» Data
▬▬▬▬▬▬▬▬▬▬

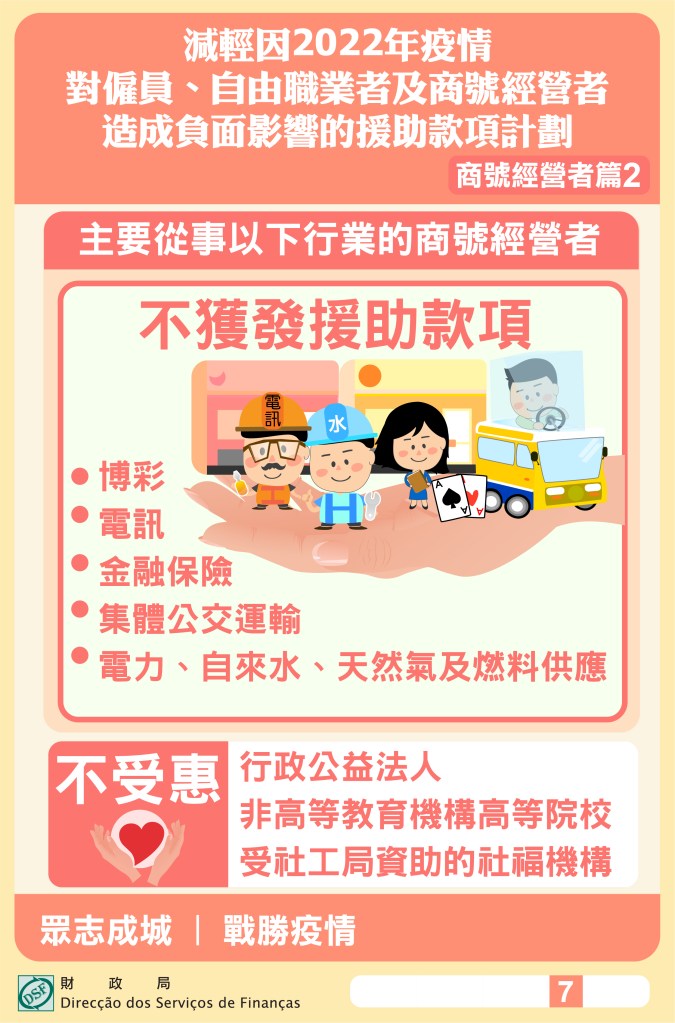 博彩、電訊、金融保險、集體公交運輸,以及電力、自來水、天然氣及燃料供應業等受專營或特許批給制度保障,又或獲政府資助的相關行業的經營者,連同一些性質較特殊的經營者,例如行政公益法人、教育機構(輔助教育除外),以及受社會工作局定期資助的社會服務機構,不納入是次援助計劃的受惠範圍。
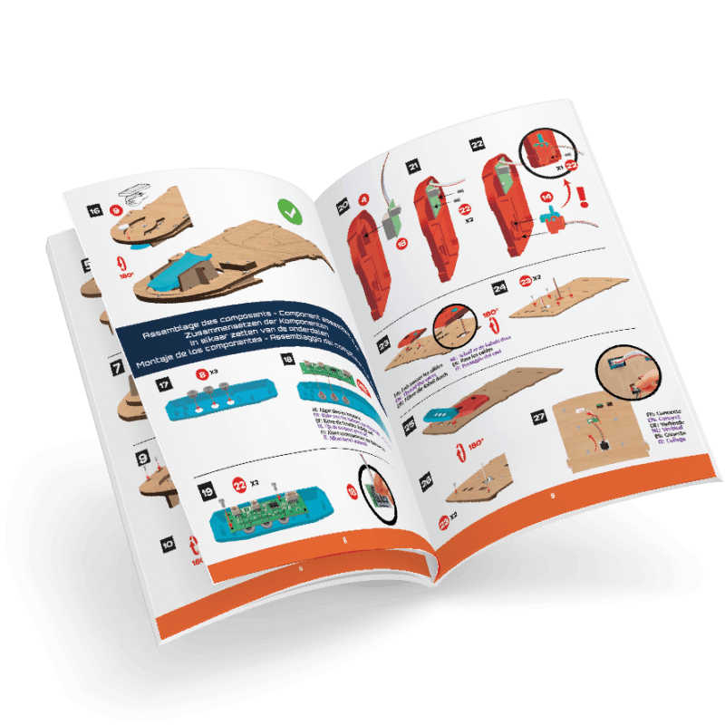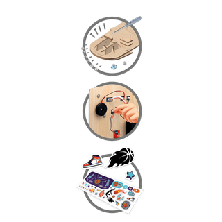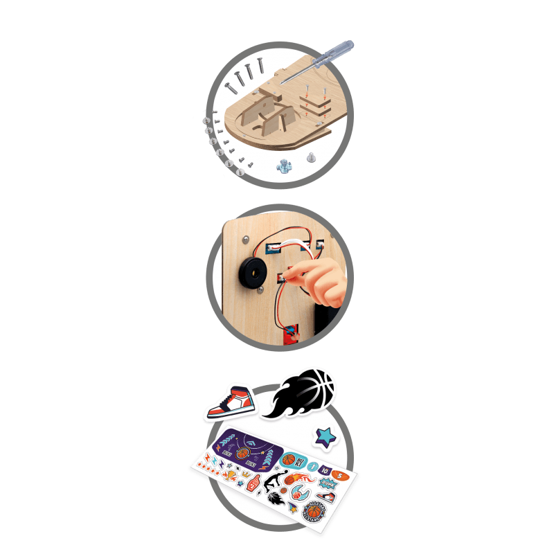 Naudodami pridedamą atsuktuvą, vaikai gali saugiai surinkti rezultatų suvestinę, valdymo skydelį, garsiakalbį ir baterijų skyrių – nereikia litavimo.
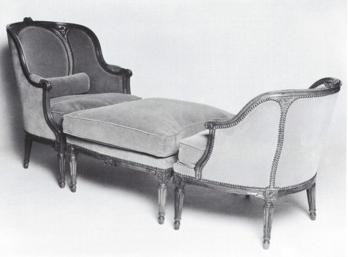 DUCHESSE BRISEE en bois naturel, mouluré et sculpté de fleurettes. Piétement à cannelures en pointes d'asperges. Dés de raccordement à quatre feuilles. Epoque Louis XVI.
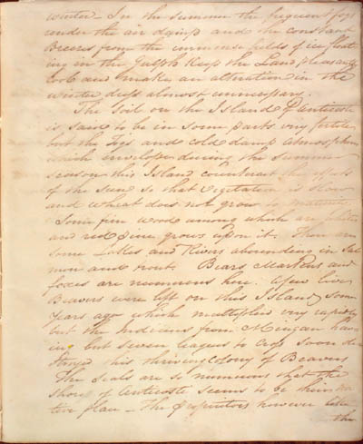 McKenzie, James. Some Account of the King's Posts, the Labrador Coast, and the Island of Anticosti by an Indian Trader Residing there Several Years with a Description of the Natives and the Journal of a trip through those Countries in 1808 by the Same Person. An electronic transcription. MFTP #0017 winter[.] In the summer the frequent fogs under the air damp and the constant Breezes from the immense fields of ice floating in the Gulph keep the Land pleasantly cool and make an alteration in the winter dress almost unnecessary. The soil on the Island of Anticosti is said to be in some parts very fertile but the Fogs and cold damp atmosphere which envelope during the summer season this Island counteract the effects of the seen so that vegetation is slow and wheat does not grow to maturity[.] Some fine wood among which are white and red pine grows upon it. There are some Lakes and Rivers abounding in salmon and trout. Bears Martens and foxes are numerous here. A few live beavers were left on this Island some years ago which multiplied very rapidly but the Indians from Mingan having but seven leagues to cross soon destroyed this thriving colony of Beavers[.] The Seals are so numerous that the shore of Anticosti seems to be their native place[.] The Proprietors however like the [11] L E G E N D : |

▬▬▬▬▬▬▬▬▬▬

» Assignment
Set down each line of the material exactly and skip every image.

» Your response
 博彩、電訊、金融保險、集體公交運輸,以及電力、自來水、天然氣及燃料供應業等受專營或特許批給制度保障,又或獲政府資助的相關行業的經營者,連同一些性質較特殊的經營者,例如行政公益法人、教育機構(輔助教育除外),以及受社會工作局定期資助的社會服務機構,不納入是次援助計劃的受惠範圍。
 Naudodami pridedamą atsuktuvą, vaikai gali saugiai surinkti rezultatų suvestinę, valdymo skydelį, garsiakalbį ir baterijų skyrių – nereikia litavimo.
 DUCHESSE BRISEE en bois naturel, mouluré et sculpté de fleurettes. Piétement à cannelures en pointes d'asperges. Dés de raccordement à quatre feuilles. Epoque Louis XVI.
 McKenzie, James. Some Account of the King's Posts, the Labrador Coast, and the Island of Anticosti by an Indian Trader Residing there Several Years with a Description of the Natives and the Journal of a trip through those Countries in 1808 by the Same Person. An electronic transcription. MFTP #0017 winter[.] In the summer the frequent fogs under the air damp and the constant Breezes from the immense fields of ice floating in the Gulph keep the Land pleasantly cool and make an alteration in the winter dress almost unnecessary. The soil on the Island of Anticosti is said to be in some parts very fertile but the Fogs and cold damp atmosphere which envelope during the summer season this Island counteract the effects of the seen so that vegetation is slow and wheat does not grow to maturity[.] Some fine wood among which are white and red pine grows upon it. There are some Lakes and Rivers abounding in salmon and trout. Bears Martens and foxes are numerous here. A few live beavers were left on this Island some years ago which multiplied very rapidly but the Indians from Mingan having but seven leagues to cross soon destroyed this thriving colony of Beavers[.] The Seals are so numerous that the shore of Anticosti seems to be their native place[.] The Proprietors however like the [11] L E G E N D : |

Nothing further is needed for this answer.